Dans l’histoire de ce pays où les militaires sont tout-puissants, il s’agit bien d’une première. Mais, fait surprenant, ce n’est pas en raison des poursuites engagées à la suite de l’assassinat de sa rivale, l’ex première ministre Benazir Bhutto, dont il est le principal suspect, que l’ex-président pakistanais a été condamné. Pervez Musharraf n’a pas été condamné non plus pour son coup d’État en 1999. C’est l’instauration de l’état d’urgence, le 3 novembre 2007 – une mesure qu’il avait dû lever un mois plus tard face au mécontentement croissant de la population – qui vaut à Musharraf cette condamnation et la sentence ultime.
Officiellement, sa décision d’instaurer l’état d’urgence avait été prise au nom de la défense de l’unité nationale face au terrorisme islamiste qui prospérait alors au cœur même de la capitale, Islamabad, et déstabilisait les zones tribales dans l’est du pays.
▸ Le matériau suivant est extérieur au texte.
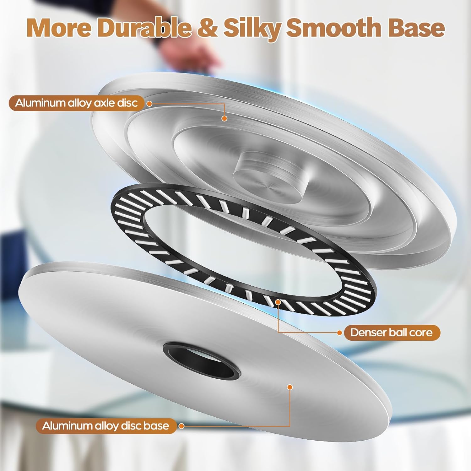 - 【DOUBLE-LAYER ALUMINUM PLATE】Double-layer aluminum plate makes the table and base firmly connected together, durable and stable rotation to prevent your tableware from tipping over, strong aluminum core ensures smooth rotating movement.

Ses opposants ont toujours argué qu’il entendait surtout suspendre la Constitution afin d’étouffer la fronde des avocats et celle de la Cour suprême en particulier, qui devait se prononcer sur la légalité de sa réélection un mois plus tôt.
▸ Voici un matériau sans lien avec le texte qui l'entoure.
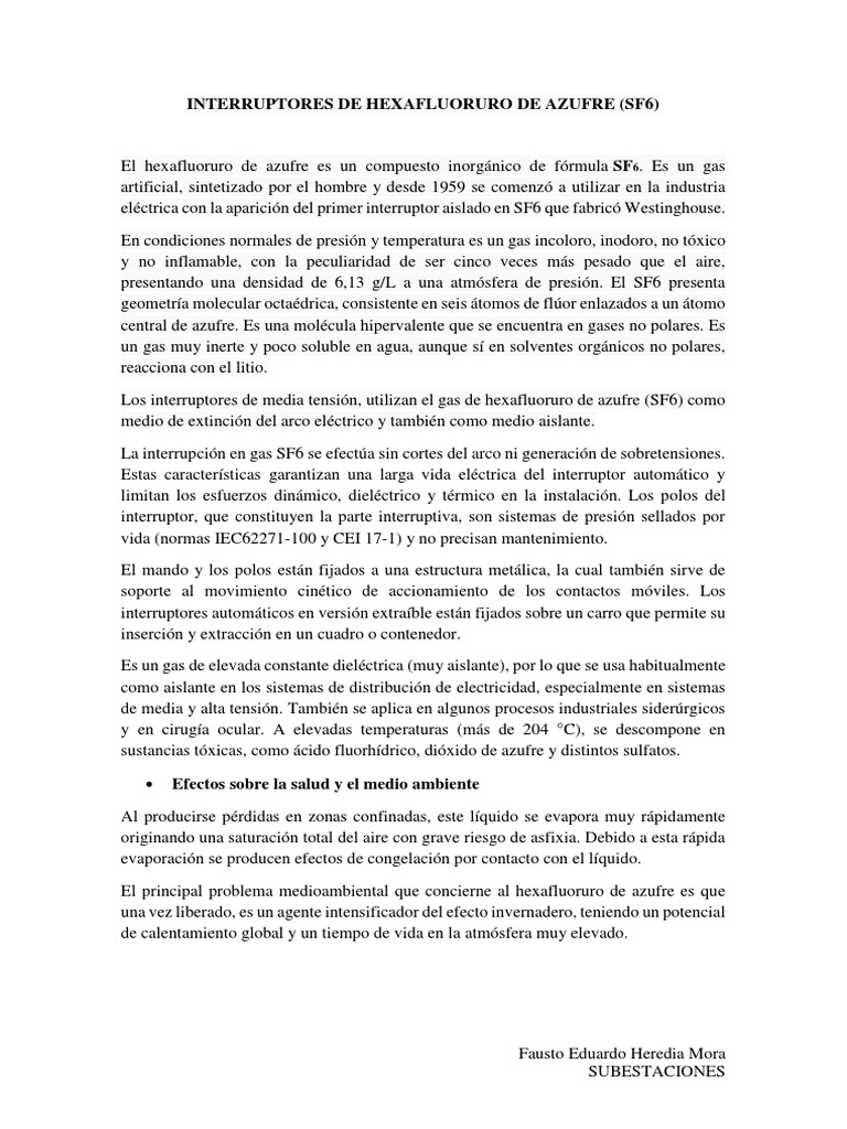 Los interruptores de media tensin, utilizan el gas de hexafluoruro de azufre (SF6) como

Parvenu au pouvoir par un coup d’État sans effusion de sang en octobre 1999, autoproclamé président en juin 2001, le général Pervez Musharraf a contribué, entre dérive autocratique et volonté réformatrice, à la relance de l’activité économique et à l’essor de la classe moyenne pakistanaise. On doit aussi reconnaître à cette figure emblématique de la vie politique pakistanaise des années 2000, le mérite de la politique de rapprochement avec l’Inde qui, toutefois, n’aura pas résisté à son départ.
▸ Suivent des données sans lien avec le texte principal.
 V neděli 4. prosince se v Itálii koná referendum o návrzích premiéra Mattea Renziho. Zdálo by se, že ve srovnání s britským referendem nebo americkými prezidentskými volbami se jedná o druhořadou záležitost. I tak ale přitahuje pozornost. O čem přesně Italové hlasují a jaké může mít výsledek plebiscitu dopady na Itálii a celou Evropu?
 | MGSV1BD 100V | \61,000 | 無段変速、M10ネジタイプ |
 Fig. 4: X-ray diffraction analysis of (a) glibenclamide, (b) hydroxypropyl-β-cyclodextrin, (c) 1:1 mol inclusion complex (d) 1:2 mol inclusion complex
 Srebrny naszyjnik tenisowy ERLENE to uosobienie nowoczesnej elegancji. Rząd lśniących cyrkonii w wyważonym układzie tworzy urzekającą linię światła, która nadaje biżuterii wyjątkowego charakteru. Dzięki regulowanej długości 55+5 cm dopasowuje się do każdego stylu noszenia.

En faisant adopter la loi de 2006 interdisant notamment les relations sexuelles avec des filles de moins de seize ans, les enlèvements de femmes et les mariages forcés, Pervez Musharraf a tenté quelque peu d’améliorer le statut de la femme. Il prenait ainsi à contre-pied un autre général, le dictateur Muhammad Zia-ul-Haq (1978-1988) qui lui considérait sa popularité auprès des conservateurs en imposant la charia. Toutefois, en échange du soutien de partis religieux, le général avait renoncé à réformer les écoles coraniques ou à supprimer la loi sur le blasphème. Aussi, si sa lutte contre le fondamentalisme religieux a toujours été ambiguë, Musharraf obtenait néanmoins un crédit non-négligeable auprès de l’opinion occidentale.
Le maître du double jeu
Musharraf donnait l’impression de s’attaquer aux djihadistes mais laissait en même temps prospérer les talibans dans les zones tribales proches de la frontière afghane. Finalement c’est sous la pression des États-Unis qu’il allait s’attaquer aux islamistes ; une démarche tardive qui allait contribuer à la fin de son mandat.
Le maître du double jeu se brouillait dún côté avec les islamistes et de l’autre avec les Américains. La population lassé aussi de sa dérive autoritaire et de sa guerre contre la Cour suprême qui s’intéressait à ses tripatouillages électoraux et constitutionnels, s’est finalement tourné vers l’opposition. Le président, sans doute lâché par l’armée, préférait démissionner en août 2008, précipitant le retour des civils au pouvoir .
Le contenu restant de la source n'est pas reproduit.